Stocks have been bouncing back strong from their August troubles, but Mark Hulbert says the tone of the rally isn’t a good one.
“Nothing so well illustrates Wall Street’s dangerously exuberant state of mind as its triple-digit rally in the wake of Larry Summers withdrawing from consideration to be the next Federal Reserve chairman,” Hulbert writes in a MarketWatch column. “Do you really believe the outlook for corporate earnings suddenly became much brighter just because Summers is no longer in the running to succeed Ben Bernanke?”
Hulbert says the Summers bounce is just one example of the stock market shrugging off bad news with little or no losses — and then “bouncing back” as though there actually had been a big decline. “According to contrarian analysis, this sentiment situation is at the opposite end of the spectrum from the wall of worry that bull markets like to climb,” he says. “It’s more akin to the slope of hope that bear markets like to descend.”

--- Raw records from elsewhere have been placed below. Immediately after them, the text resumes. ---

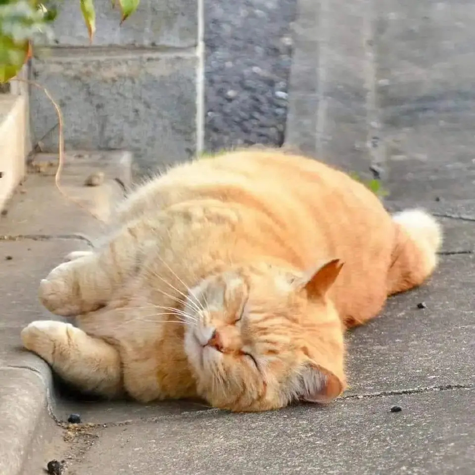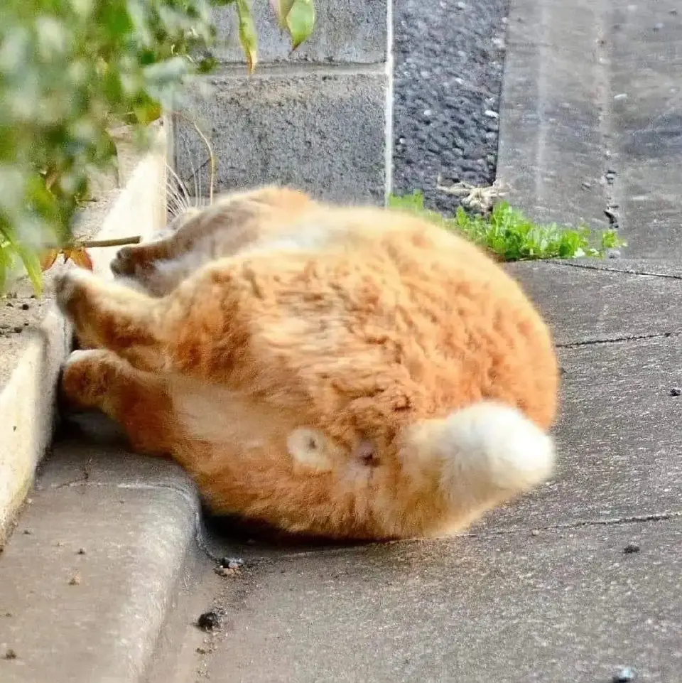 橘猫因贪吃贪睡,性格软萌,深受铲屎官们的喜爱。近日,网友在路边偶遇一只圆滚滚的大橘,正舒服地路边躺着晒太阳,还时不时换个姿势翻着肚皮睡。真的可爱到犯规啦!仔细看猫咪的耳朵有小缺口,是绝育过的猫咪哟。看它那么无忧无虑,状态非常好,一定受到了很好的照顾。真是幸福的小猫咪。也希望所有的流浪小猫都能像这只可爱的小橘猫一样被善待。
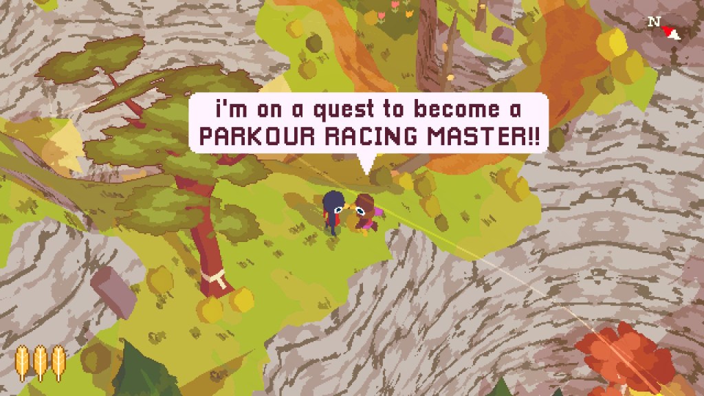 Seriously, the whole thing is over in a couple of hours – even if you go for 100% completion – and exists almost perfectly in the peaceful space between Animal Crossing Wild World aesthetics, Breath of the Wild traversal mechanics, and early-2010s narrative adventure storytelling. Whimsical chuckles abound, as do sidequests with perfectly-paced payoffs, gleeful a-ha moments borne from natural world exploration, and the odd deviously difficult race challenge sprinkled in for good measure.
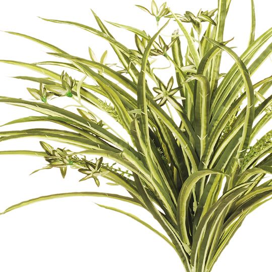 Brighten up your interior space with this striking faux spider plant bush, unbelievably realistic with their fine details and colours you wouldnât even think theyâre faux! Style this artificial spider plant bush with other bushes and greenery from the immense range of artificial greenery to create an indoor oasis. With minimal maintenance this faux spider plant bush can offer lasting beauty, be sure to keep out of direct sunlight.
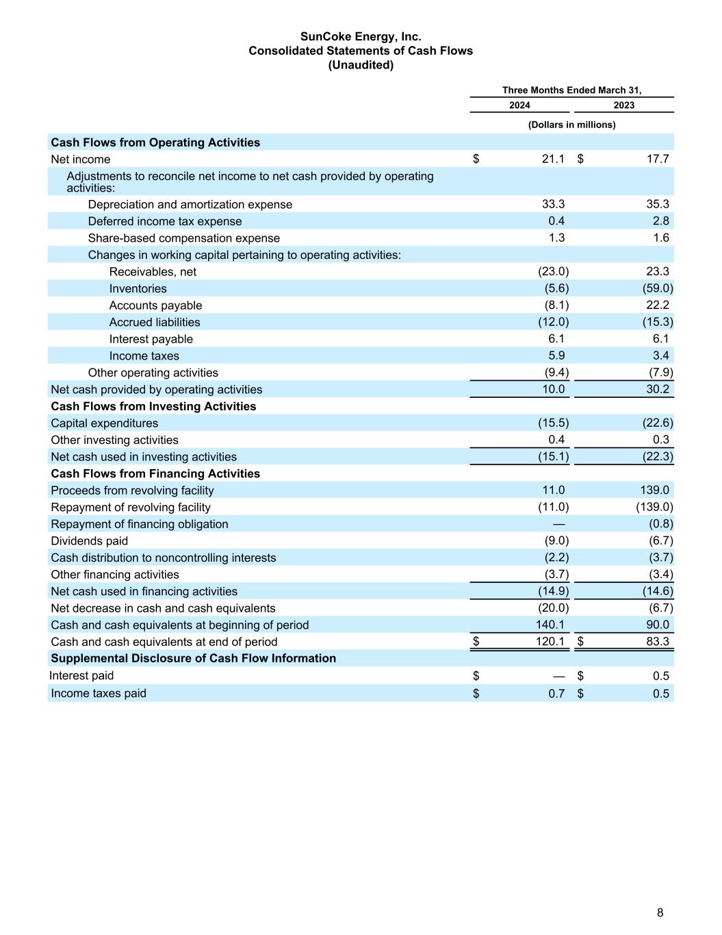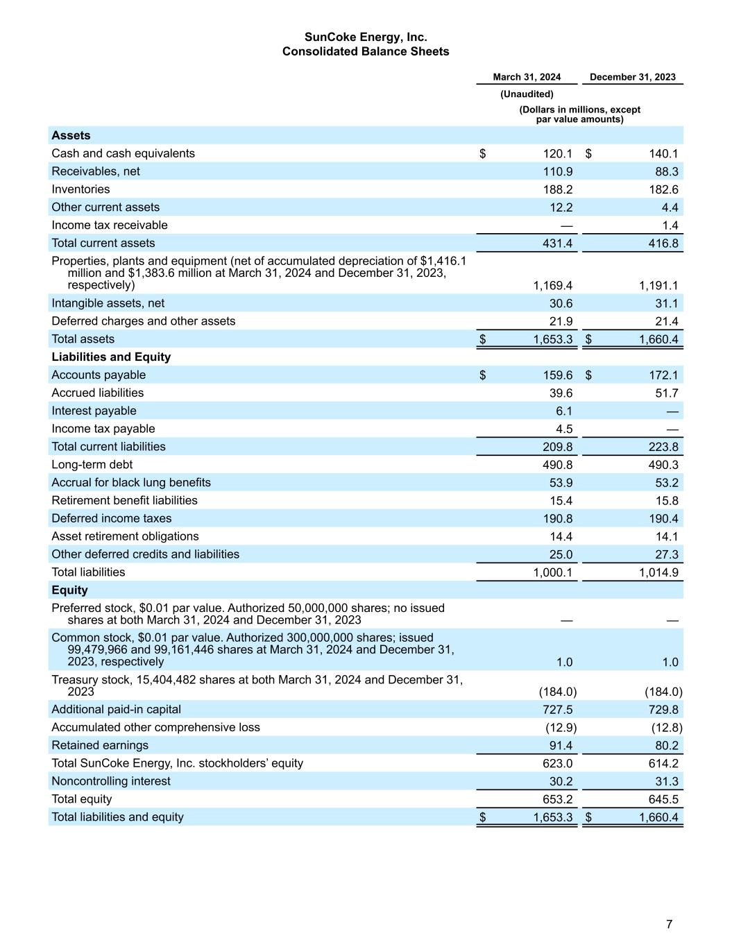 SunCoke Energy, Inc. Consolidated Balance Sheets March 31, 2024 December 31, 2023 (Unaudited) (Dollars in millions, except par value amounts) Assets Cash and cash equivalents $ 120.1 $ 140.1 Receivables, net 110.9 88.3 Inventories 188.2 182.6 Other current assets 12.2 4.4 Income tax receivable — 1.4 Total current assets 431.4 416.8 Properties, plants and equipment (net of accumulated depreciation of $1,416.1 million and $1,383.6 million at March 31, 2024 and December 31, 2023, respectively) 1,169.4 1,191.1 Intangible assets, net 30.6 31.1 Deferred charges and other assets 21.9 21.4 Total assets $ 1,653.3 $ 1,660.4 Liabilities and Equity Accounts payable $ 159.6 $ 172.1 Accrued liabilities 39.6 51.7 Interest payable 6.1 — Income tax payable 4.5 — Total current liabilities 209.8 223.8 Long-term debt 490.8 490.3 Accrual for black lung benefits 53.9 53.2 Retirement benefit liabilities 15.4 15.8 Deferred income taxes 190.8 190.4 Asset retirement obligations 14.4 14.1 Other deferred credits and liabilities 25.0 27.3 Total liabilities 1,000.1 1,014.9 Equity Preferred stock, $0.01 par value. Authorized 50,000,000 shares; no issued shares at both March 31, 2024 and December 31, 2023 — — Common stock, $0.01 par value. Authorized 300,000,000 shares; issued 99,479,966 and 99,161,446 shares at March 31, 2024 and December 31, 2023, respectively 1.0 1.0 Treasury stock, 15,404,482 shares at both March 31, 2024 and December 31, 2023 (184.0) (184.0) Additional paid-in capital 727.5 729.8 Accumulated other comprehensive loss (12.9) (12.8) Retained earnings 91.4 80.2 Total SunCoke Energy, Inc. stockholders’ equity 623.0 614.2 Noncontrolling interest 30.2 31.3 Total equity 653.2 645.5 Total liabilities and equity $ 1,653.3 $ 1,660.4 7

Hulbert notes that the average recommended equity exposure among the short term market timing newsletters he tracks is 56.6%, according to the Hulbert Stock Newsletter Sentiment Index — 45 percentage points higher than it was in late August. Such a big jump in such a short period is a concern, he says. He thinks the market is being driven more by mood than fundamentals, and says investors could be in for a rude awakening when the collective mood sours.